■ ASSIGNMENT: Without the pictures, output the lines of the material from the very first through the one that holds "NWT Lulu's Size".

"""

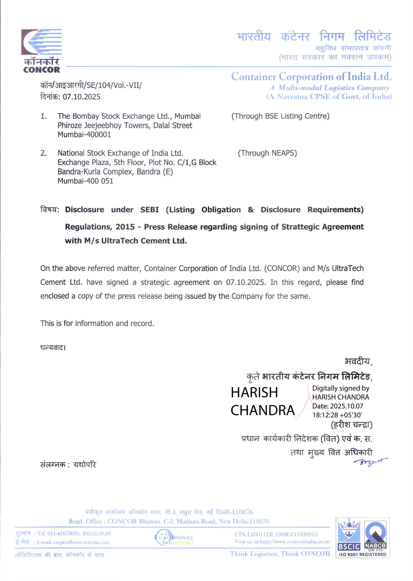 CONCOR and UltraTech Cement Sign Strategic Logistics Agreement CONCOR and UltraTech Cement have signed a strategic partnership to enhance bulk cement transport via specialized rail containers, promoting sustainable logistics and modal shift from road to rail. Original Filing: www.bseindia.com/stock... $CONCOR.NSE
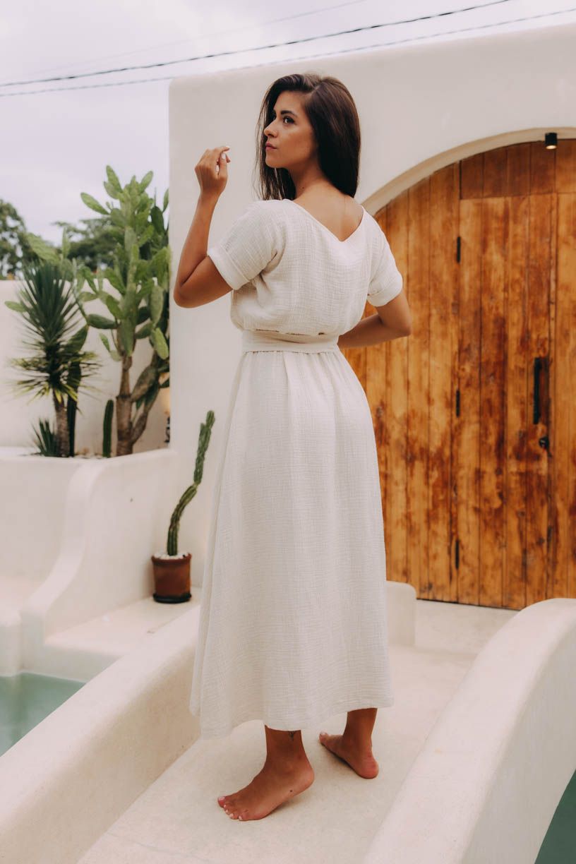 Volný střih šatů Boho je jako stvořený pro bláznivé letní zážitky. Oceníte na nich hravý pásek i praktické kapsy.
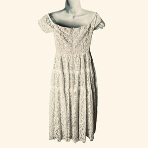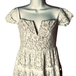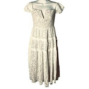 NWT Lulu's Size XS Midi Dress Nude Lining Tiered Floral Lace Off Shoulder Prom
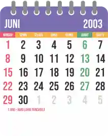 Template kalender 2003 yang bertemakan lucu dan moderen. Bentuknya simple tanpa tanggal hijriah dan tanggal jawa. Cocok buat kebutuhan kalender yang sifatnya universal.
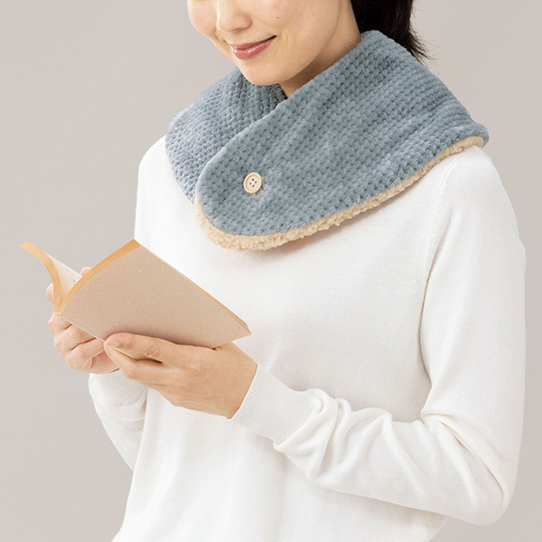 首から肩にかけてあたたかいネックウォーマー。おうち時間や就寝前におすすめです。

"""

■ TASK OUTPUT:
 CONCOR and UltraTech Cement Sign Strategic Logistics Agreement CONCOR and UltraTech Cement have signed a strategic partnership to enhance bulk cement transport via specialized rail containers, promoting sustainable logistics and modal shift from road to rail. Original Filing: www.bseindia.com/stock... $CONCOR.NSE
 Volný střih šatů Boho je jako stvořený pro bláznivé letní zážitky. Oceníte na nich hravý pásek i praktické kapsy.
 NWT Lulu's Size XS Midi Dress Nude Lining Tiered Floral Lace Off Shoulder Prom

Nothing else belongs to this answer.